START Data shown
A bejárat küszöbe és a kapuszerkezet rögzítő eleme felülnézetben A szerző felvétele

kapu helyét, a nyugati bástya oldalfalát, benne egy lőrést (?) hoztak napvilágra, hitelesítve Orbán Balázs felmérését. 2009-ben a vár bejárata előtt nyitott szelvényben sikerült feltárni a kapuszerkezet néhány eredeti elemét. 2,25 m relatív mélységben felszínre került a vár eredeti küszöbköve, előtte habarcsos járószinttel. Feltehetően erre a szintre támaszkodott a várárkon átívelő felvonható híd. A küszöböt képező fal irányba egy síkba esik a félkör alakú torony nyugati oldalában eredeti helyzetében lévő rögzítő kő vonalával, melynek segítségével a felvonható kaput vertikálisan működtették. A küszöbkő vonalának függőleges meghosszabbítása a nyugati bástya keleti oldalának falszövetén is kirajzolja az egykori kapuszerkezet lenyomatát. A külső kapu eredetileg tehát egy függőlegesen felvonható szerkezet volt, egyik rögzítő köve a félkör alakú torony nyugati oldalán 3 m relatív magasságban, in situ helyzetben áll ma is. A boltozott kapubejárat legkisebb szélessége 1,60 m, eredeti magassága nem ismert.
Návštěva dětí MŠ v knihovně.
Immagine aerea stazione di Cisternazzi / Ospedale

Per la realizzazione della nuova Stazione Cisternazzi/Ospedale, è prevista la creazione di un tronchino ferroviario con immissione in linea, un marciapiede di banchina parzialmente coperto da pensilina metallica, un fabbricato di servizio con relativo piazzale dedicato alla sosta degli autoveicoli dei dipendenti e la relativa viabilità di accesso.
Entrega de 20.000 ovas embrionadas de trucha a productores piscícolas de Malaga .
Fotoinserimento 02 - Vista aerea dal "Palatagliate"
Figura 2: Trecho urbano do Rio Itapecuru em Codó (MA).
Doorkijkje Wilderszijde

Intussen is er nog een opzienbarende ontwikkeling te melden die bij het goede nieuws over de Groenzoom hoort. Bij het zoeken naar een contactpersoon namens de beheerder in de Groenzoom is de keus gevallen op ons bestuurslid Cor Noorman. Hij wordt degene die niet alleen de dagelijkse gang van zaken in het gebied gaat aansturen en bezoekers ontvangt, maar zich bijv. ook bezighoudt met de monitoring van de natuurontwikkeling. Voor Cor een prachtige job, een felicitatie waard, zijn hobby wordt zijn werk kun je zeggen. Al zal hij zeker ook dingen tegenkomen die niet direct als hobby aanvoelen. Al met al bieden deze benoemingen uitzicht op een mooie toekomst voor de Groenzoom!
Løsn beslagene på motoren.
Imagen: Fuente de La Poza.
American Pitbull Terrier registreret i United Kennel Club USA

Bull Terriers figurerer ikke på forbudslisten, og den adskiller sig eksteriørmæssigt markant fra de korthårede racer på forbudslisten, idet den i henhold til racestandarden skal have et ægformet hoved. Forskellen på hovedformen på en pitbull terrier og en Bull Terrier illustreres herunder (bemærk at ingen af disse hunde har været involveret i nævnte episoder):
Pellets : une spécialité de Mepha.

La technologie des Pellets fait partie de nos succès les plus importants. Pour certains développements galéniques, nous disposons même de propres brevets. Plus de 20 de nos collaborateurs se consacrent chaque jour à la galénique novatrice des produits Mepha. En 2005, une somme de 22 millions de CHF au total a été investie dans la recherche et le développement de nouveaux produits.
END Data shown
Write the entries out a second time. Match them exactly.

[Solution for this exercise]:
A bejárat küszöbe és a kapuszerkezet rögzítő eleme felülnézetben A szerző felvétele

kapu helyét, a nyugati bástya oldalfalát, benne egy lőrést (?) hoztak napvilágra, hitelesítve Orbán Balázs felmérését. 2009-ben a vár bejárata előtt nyitott szelvényben sikerült feltárni a kapuszerkezet néhány eredeti elemét. 2,25 m relatív mélységben felszínre került a vár eredeti küszöbköve, előtte habarcsos járószinttel. Feltehetően erre a szintre támaszkodott a várárkon átívelő felvonható híd. A küszöböt képező fal irányba egy síkba esik a félkör alakú torony nyugati oldalában eredeti helyzetében lévő rögzítő kő vonalával, melynek segítségével a felvonható kaput vertikálisan működtették. A küszöbkő vonalának függőleges meghosszabbítása a nyugati bástya keleti oldalának falszövetén is kirajzolja az egykori kapuszerkezet lenyomatát. A külső kapu eredetileg tehát egy függőlegesen felvonható szerkezet volt, egyik rögzítő köve a félkör alakú torony nyugati oldalán 3 m relatív magasságban, in situ helyzetben áll ma is. A boltozott kapubejárat legkisebb szélessége 1,60 m, eredeti magassága nem ismert.
Návštěva dětí MŠ v knihovně.
Immagine aerea stazione di Cisternazzi / Ospedale

Per la realizzazione della nuova Stazione Cisternazzi/Ospedale, è prevista la creazione di un tronchino ferroviario con immissione in linea, un marciapiede di banchina parzialmente coperto da pensilina metallica, un fabbricato di servizio con relativo piazzale dedicato alla sosta degli autoveicoli dei dipendenti e la relativa viabilità di accesso.
Entrega de 20.000 ovas embrionadas de trucha a productores piscícolas de Malaga .
Fotoinserimento 02 - Vista aerea dal "Palatagliate"
Figura 2: Trecho urbano do Rio Itapecuru em Codó (MA).
Doorkijkje Wilderszijde

Intussen is er nog een opzienbarende ontwikkeling te melden die bij het goede nieuws over de Groenzoom hoort. Bij het zoeken naar een contactpersoon namens de beheerder in de Groenzoom is de keus gevallen op ons bestuurslid Cor Noorman. Hij wordt degene die niet alleen de dagelijkse gang van zaken in het gebied gaat aansturen en bezoekers ontvangt, maar zich bijv. ook bezighoudt met de monitoring van de natuurontwikkeling. Voor Cor een prachtige job, een felicitatie waard, zijn hobby wordt zijn werk kun je zeggen. Al zal hij zeker ook dingen tegenkomen die niet direct als hobby aanvoelen. Al met al bieden deze benoemingen uitzicht op een mooie toekomst voor de Groenzoom!
Løsn beslagene på motoren.
Imagen: Fuente de La Poza.
American Pitbull Terrier registreret i United Kennel Club USA

Bull Terriers figurerer ikke på forbudslisten, og den adskiller sig eksteriørmæssigt markant fra de korthårede racer på forbudslisten, idet den i henhold til racestandarden skal have et ægformet hoved. Forskellen på hovedformen på en pitbull terrier og en Bull Terrier illustreres herunder (bemærk at ingen af disse hunde har været involveret i nævnte episoder):
Pellets : une spécialité de Mepha.

La technologie des Pellets fait partie de nos succès les plus importants. Pour certains développements galéniques, nous disposons même de propres brevets. Plus de 20 de nos collaborateurs se consacrent chaque jour à la galénique novatrice des produits Mepha. En 2005, une somme de 22 millions de CHF au total a été investie dans la recherche et le développement de nouveaux produits.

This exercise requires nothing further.